In the experimental part, we conducted a large number of controlled experiments, as shown in
Table 2. We compared the mAP of the method in this paper with the mAP of two-stage and one-stage; the mAP of our model was higher than that of all the algorithmic models involved in the comparison, which proves that our model makes some improvement in detection accuracy. We further provide the confusion matrix for YOLOv3 with the auxiliary network and the confusion matrix for the method in this paper, which show more intuitively that our network has a good improvement in the accuracy of “Plane”, “Ship”, “Large-vehicle”, and “Small-vehicle”, which are relatively small targets. Because we introduced an adaptive feature fusion approach, the problem of slower detection caused by the increase in the number of layers of the YOLOv3 network with auxiliary networks was also improved, and the results are shown in
Figure 3. To demonstrate the superiority of DIoU loss, as shown in
Table 4, we compared DIoU with IoU and GIoU, and successfully demonstrated the superiority of the DIoU loss function based on the AP and AP75 that we obtained. In order to demonstrate the effectiveness of adding CBAM, as shown in
Table 5, we compared the addition of the SE attention mechanism to our model with the CBAM error rate, respectively, and demonstrated that the performance of our model was improved by CBAM based on the TOP-1 and TOP-5 we obtained. The recall as well as the accuracy rates of YOLOv3 with the auxiliary network and the method in this paper are given in
Figure 11 and
Figure 12, and show that our model has better data results under the same epoch. In
Figure 13, the qualitative analysis of the Bounding Box obtained by Faster R-CNN, YOLOv3, YOLOv3 with auxiliary networks and the method in this paper is presented, and it can be seen that our method had a more accurate Bounding Box.

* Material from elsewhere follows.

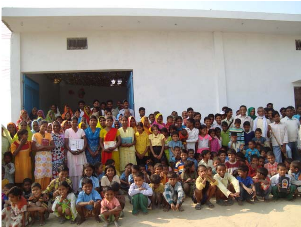
Children with their parents at a parent-teacher meeting at the village of Shihorwa.

We show our results in
Figure 14,
Figure 15 and
Figure 16 and discuss the results obtained, which show a very intuitive improvement in the detection performance of our method.
We validated our model on the DOTA dataset and proved the robustness of our model. mAP improved by 5.36% over the YOLOv3 model with the auxiliary network and the frame rate improved by 3.07 FPS over the YOLOv3 model with the auxiliary network. As the improvement in detection speed in this paper is not significant enough, the main direction of future research is to reduce the detection time.